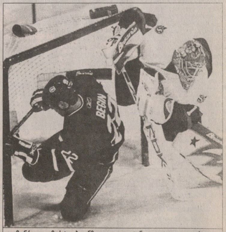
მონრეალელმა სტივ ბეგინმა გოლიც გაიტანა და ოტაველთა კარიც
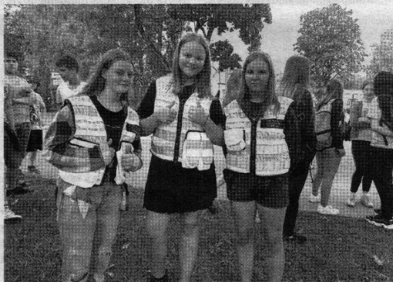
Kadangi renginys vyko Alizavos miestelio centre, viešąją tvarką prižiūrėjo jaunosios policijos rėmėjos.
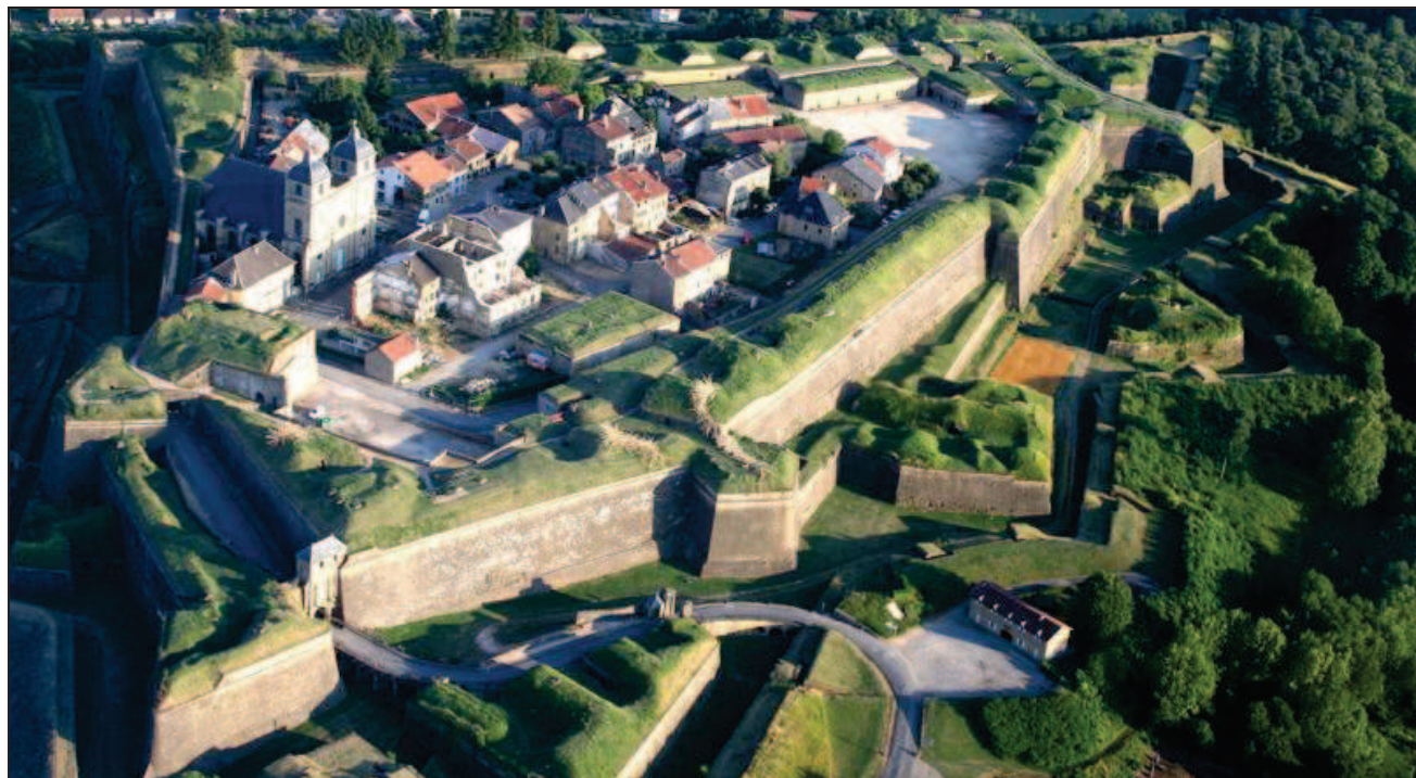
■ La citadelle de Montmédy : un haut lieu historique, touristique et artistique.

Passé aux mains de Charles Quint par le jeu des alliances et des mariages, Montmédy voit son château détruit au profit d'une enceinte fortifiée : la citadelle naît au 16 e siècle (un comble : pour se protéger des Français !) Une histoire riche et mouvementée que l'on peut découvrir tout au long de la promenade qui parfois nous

==

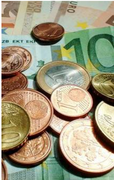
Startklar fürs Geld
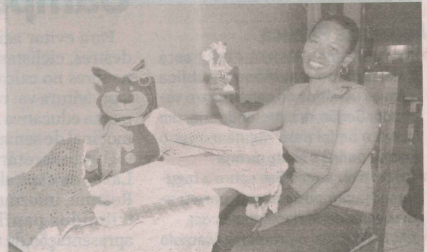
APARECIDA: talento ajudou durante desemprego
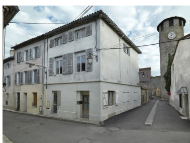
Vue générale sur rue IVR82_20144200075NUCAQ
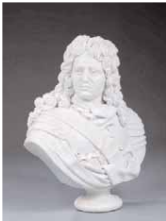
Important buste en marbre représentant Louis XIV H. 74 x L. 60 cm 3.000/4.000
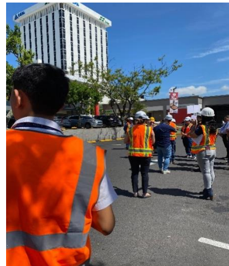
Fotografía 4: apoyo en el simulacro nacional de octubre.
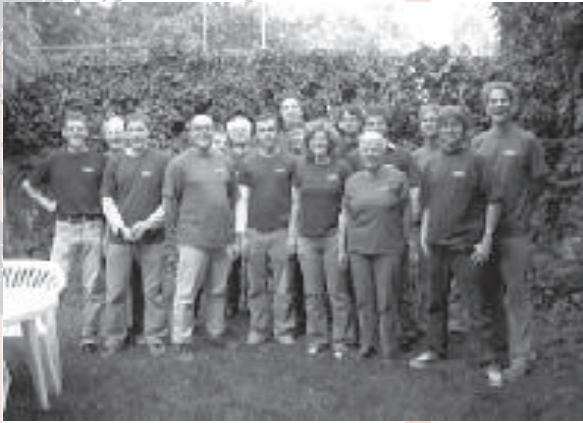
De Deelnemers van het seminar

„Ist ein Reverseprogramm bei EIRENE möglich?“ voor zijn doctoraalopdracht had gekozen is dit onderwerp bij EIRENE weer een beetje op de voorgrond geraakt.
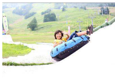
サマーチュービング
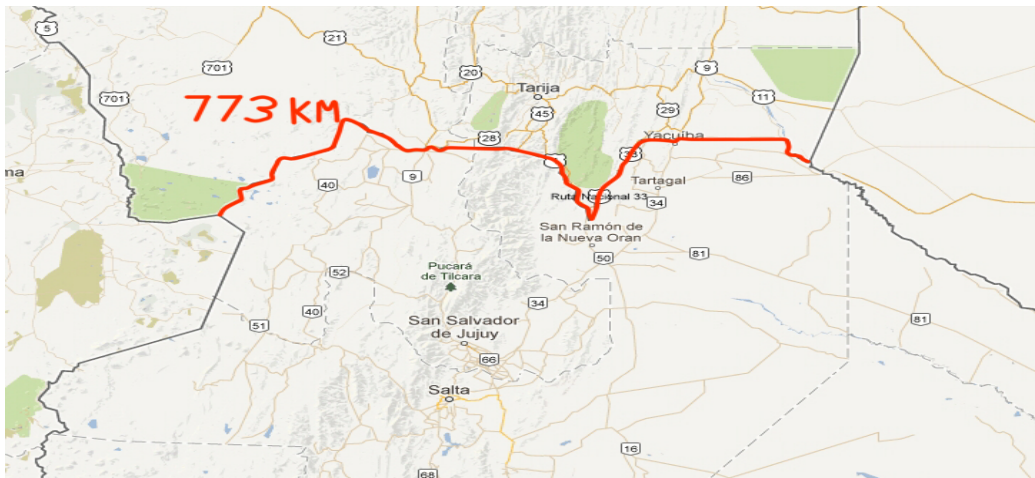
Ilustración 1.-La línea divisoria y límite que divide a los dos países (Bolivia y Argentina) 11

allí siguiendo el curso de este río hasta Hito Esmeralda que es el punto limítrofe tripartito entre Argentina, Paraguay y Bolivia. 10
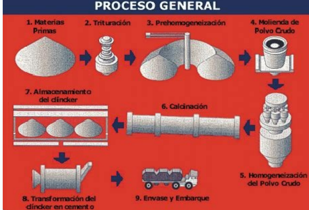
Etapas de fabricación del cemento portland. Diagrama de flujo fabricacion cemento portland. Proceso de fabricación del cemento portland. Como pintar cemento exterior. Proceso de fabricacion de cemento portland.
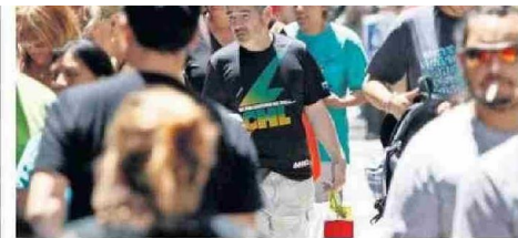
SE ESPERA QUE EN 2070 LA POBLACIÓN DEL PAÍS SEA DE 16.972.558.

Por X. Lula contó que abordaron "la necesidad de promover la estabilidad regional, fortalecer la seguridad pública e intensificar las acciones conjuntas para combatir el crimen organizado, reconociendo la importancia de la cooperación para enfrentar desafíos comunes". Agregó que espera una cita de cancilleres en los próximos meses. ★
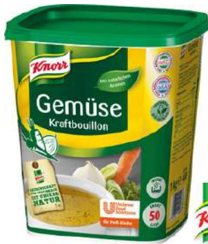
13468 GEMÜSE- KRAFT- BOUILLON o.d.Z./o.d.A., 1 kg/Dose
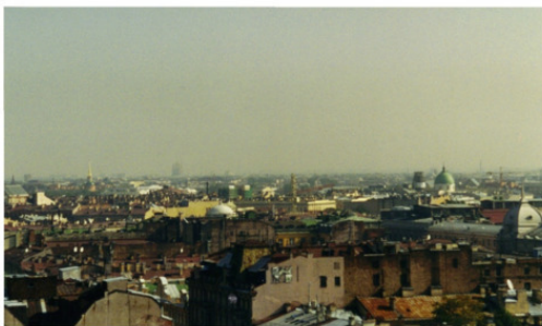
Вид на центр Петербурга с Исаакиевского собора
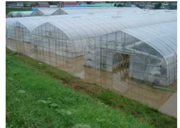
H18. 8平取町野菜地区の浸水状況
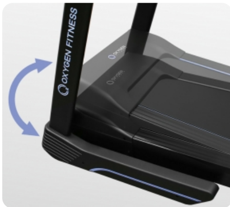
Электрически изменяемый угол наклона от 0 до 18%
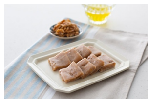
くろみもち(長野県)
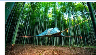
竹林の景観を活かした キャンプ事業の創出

WHAT THE TASK ASKS: Write out exactly the lines above between the one with "Por X. Lula" and the one with "竹林の景観を活かした キャンプ事業の創出", inclusive, with pictures left out.

RESULT OF THIS EXERCISE:
Por X. Lula contó que abordaron "la necesidad de promover la estabilidad regional, fortalecer la seguridad pública e intensificar las acciones conjuntas para combatir el crimen organizado, reconociendo la importancia de la cooperación para enfrentar desafíos comunes". Agregó que espera una cita de cancilleres en los próximos meses. ★
13468 GEMÜSE- KRAFT- BOUILLON o.d.Z./o.d.A., 1 kg/Dose
Вид на центр Петербурга с Исаакиевского собора
H18. 8平取町野菜地区の浸水状況
Электрически изменяемый угол наклона от 0 до 18%
くろみもち(長野県)
竹林の景観を活かした キャンプ事業の創出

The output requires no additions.